The features are exclusive to the European Union, applying only to device manufacturers and iPhone/iPad users within the bloc, in direct compliance with DMA mandates that classify Apple as a “gatekeeper” and prohibit anti-competitive practices favoring its own hardware.

The DMA, enacted by the EU in 2022 and fully effective since March 2024, aims to curb the dominance of tech giants by promoting fair competition and consumer choice. It requires gatekeepers like Apple, Google, Amazon, Meta, Microsoft, and ByteDance to open their platforms, with fines up to 10% of global turnover for non-compliance—potentially $38 billion for Apple based on 2024 revenues.

This iOS 26.3 update stems from ongoing specification proceedings launched in September 2024, where the Commission outlined requirements for features like notifications, device pairing, and connectivity to prevent “self-preferencing.”

Apple’s compliance journey has been incremental and contentious. Previous DMA-driven changes include allowing alternative app stores and sideloading in iOS 17.4 (March 2024), opening NFC chip access for third-party payment apps in iOS 17.5 (May 2024), and enabling browser choice prompts. The company has repeatedly argued that such mandates compromise user privacy and security, warning of increased risks from malware or data breaches.

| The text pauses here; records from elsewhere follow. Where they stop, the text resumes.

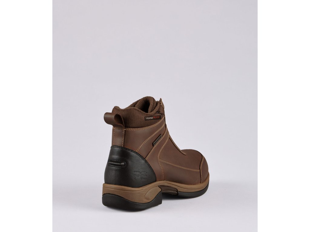 Voděodolné boty Borelli jsou dokonalým spojením inovace a stylu, vyrobené z vysoce kvalitní kůže DIN, známé pro svou sílu a odolnost. Díky technologii Hydroguard nabízí tyto boty výjimečnou nepromokavost a udrží vaše nohy v suchu a pohodlí i v těch nejmokrějších podmínkách. Pokročilá konstrukce zajišťuje prodyšnost a zároveň zabraňuje vnikání vody a poskytuje spolehlivou ochranu po celý den. Sytá hnědá barva umocňuje nadčasový, všestranný design a nabízí sofistikovaný a zemitý odstín. Sytě hnědá kůže nejen skvěle vypadá, ale také dodává odolnost, díky čemuž je praktickou volbou pro venkovní nošení při zachování elegantního, leštěného vzhledu. Přední zip nabízí snadný přístup, který umožňuje boty bez námahy obouvat a zouvat, zatímco elastické boční panely poskytují bezpečné a flexibilní uchycení. Robustní hybridní pryžová podrážka poskytuje vynikající přilnavost a zajišťuje stabilitu v různých terénech, takže je ideální pro jízdu na koni, outdoorová dobrodružství i každodenní nošení. Jeho elegantní, moderní silueta a jednoduchý natahovací design přináší čistou estetiku, díky čemuž je všestranným doplňkem každého šatníku.
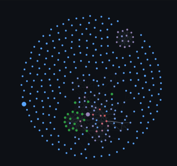 Los sitios de la darknet se representan como galaxias. Donde existen conexiones, aparecen cúmulos (mostrados en verde, rojo y morado). (Imagen: Complexity Science Hub)
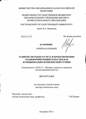 Глава 3. Мел одическое обеспечение проектного расчета тканеформирующей оснастки и е элементов
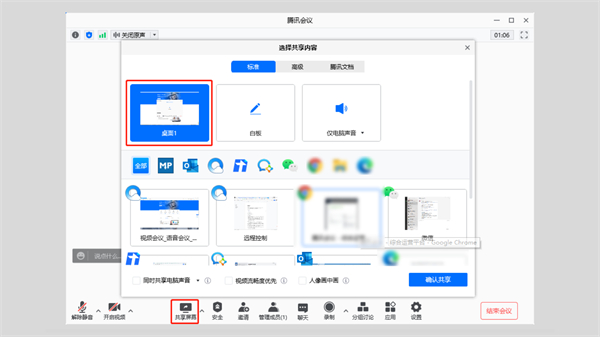 1、进入会议后,被控用户选择共享屏幕,在选择共享内容中共享某个桌面。
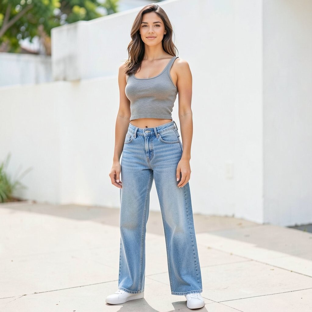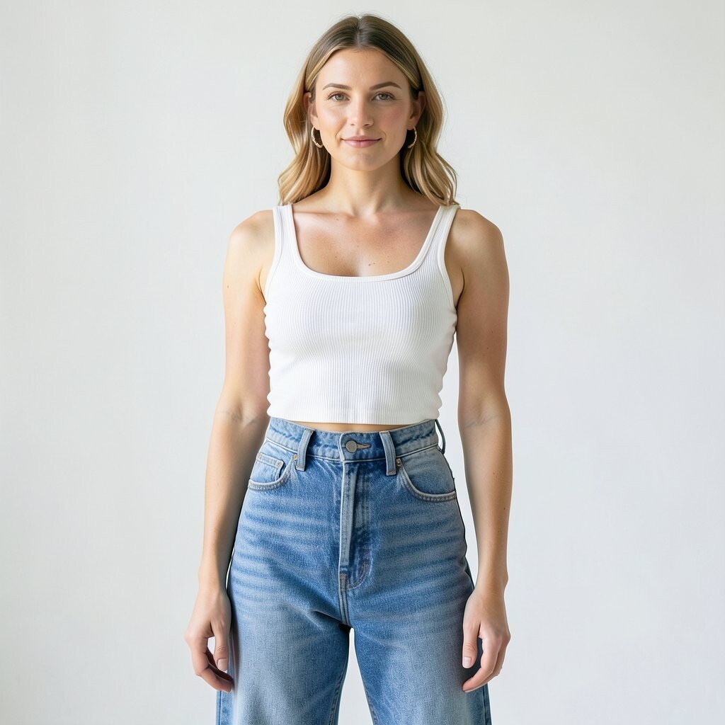 A cropped tank with straight-leg jeans gives a simple shape that feels modern and easy. The short top balances the longer denim line and keeps the outfit breezy.
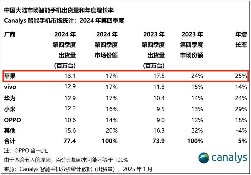 但2024年的四季度,苹果虽然仍维持了第一的宝座,但出货量却出现大幅下滑。据Canaly数据,2024年四季度,苹果在中国市场出货1310万台,在其传统旺季卫冕了第一的宝座,但出货量却同比下跌了25%,是前五大厂商中,唯一录得下滑的品牌。
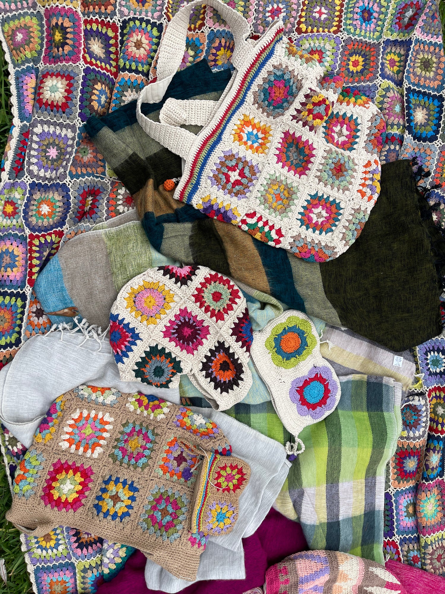 Discover crochet bags skillfully made by Nepalese women artisans, supporting economic independence and preserving artistic traditions. Dive into our collection of recycled sari bags, where vibrant textiles are transformed into unique, colorful treasures with distinct patterns.
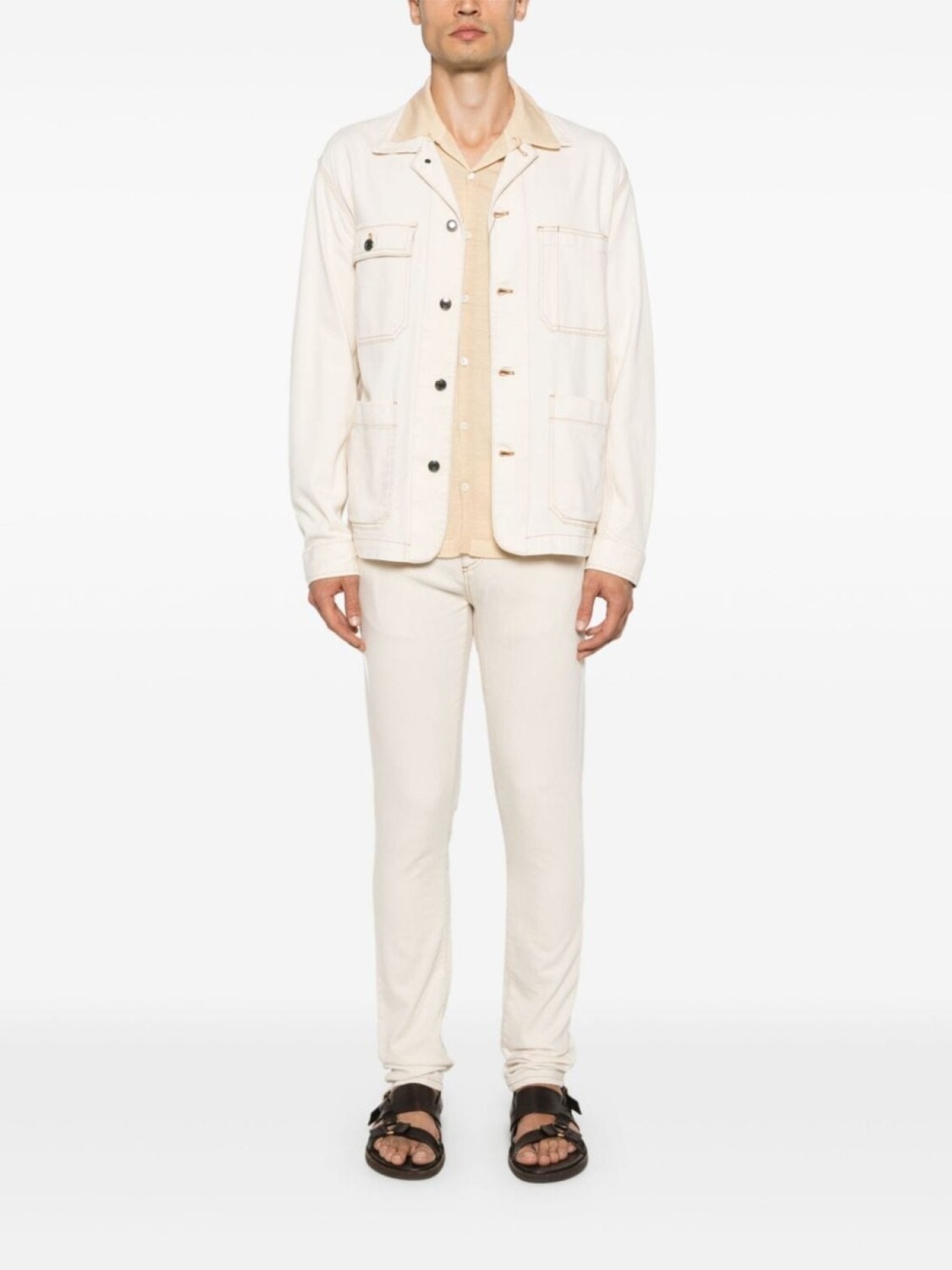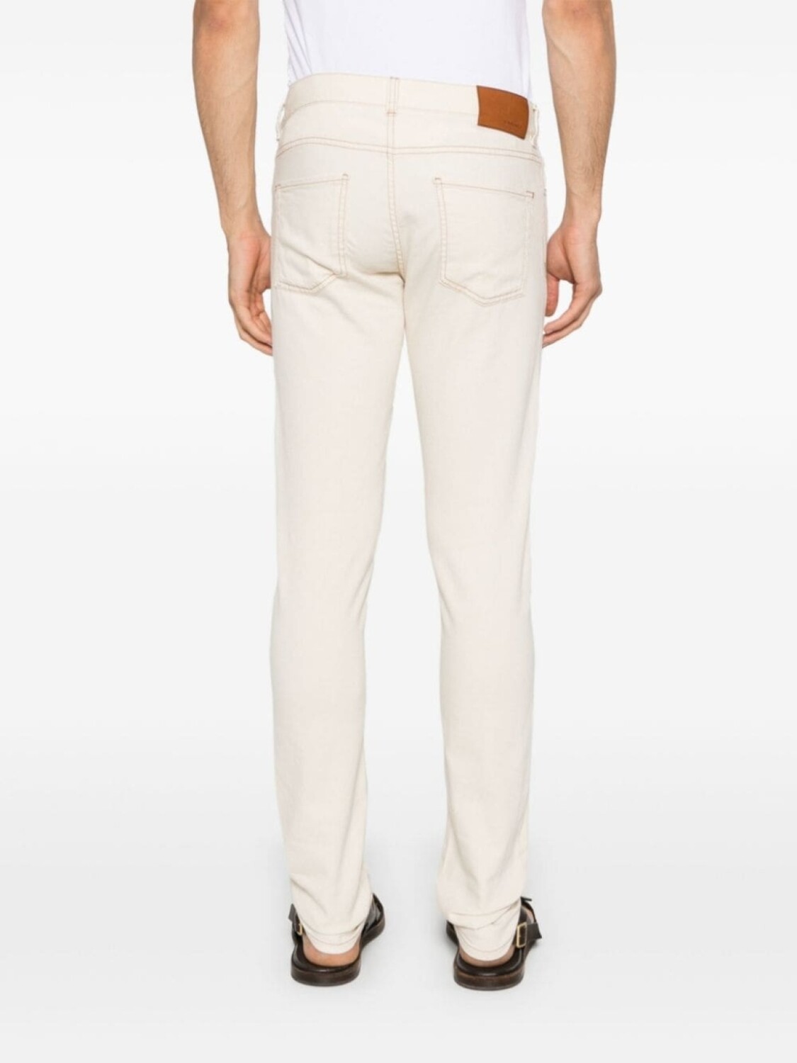 Светло-бежевый хлопковый твил, нашивка с логотипом сзади, застежка на молнию и пуговицы, шлевки для ремня, узкий крой, классические пять карманов

In a 2024 white paper, Apple estimated DMA compliance costs at over $1 billion annually, including engineering resources and lost ecosystem revenue. Despite this, EU regulators have imposed preliminary fines, such as a €1.8 billion penalty in March 2024 for App Store music streaming restrictions, currently under appeal.

Analysts have predicted a more competitive EU market, with third-party devices gaining up to 15-20% more adoption by 2027, per IDC estimates, reducing Apple’s ecosystem lock-in. For consumers, it means greater choice and potentially lower prices, though Apple warns of fragmented experiences.

Globally, similar regulations—like the U.S. Department of Justice’s antitrust case against Apple (ongoing since 2024)—could inspire broader changes, though Apple maintains these EU tweaks won’t extend outside the bloc without mandates. iOS 26.3 is anticipated for public release by late January 2026, following the beta cycle.

While these interoperability tweaks dominate EU-specific headlines, the update may include broader improvements like enhanced privacy tools or bug fixes, though details remain limited. Apple has consistently framed DMA compliance as challenging privacy and security standards, but has proceeded with implementations under regulatory pressure, avoiding fines thus far in this domain.

The company did not immediately comment on the Commission’s praise. However, the DMA scrutiny is forcing potential expansions to additional features like AirDrop, Wi-Fi sharing, or even iMessage integration. These updates signal growing openness in Apple’s iOS ecosystem for European consumers, even as debates persist over innovation versus regulation. With the EU’s digital single market valued at over €1 trillion, such shifts could reshape tech competition for years to come.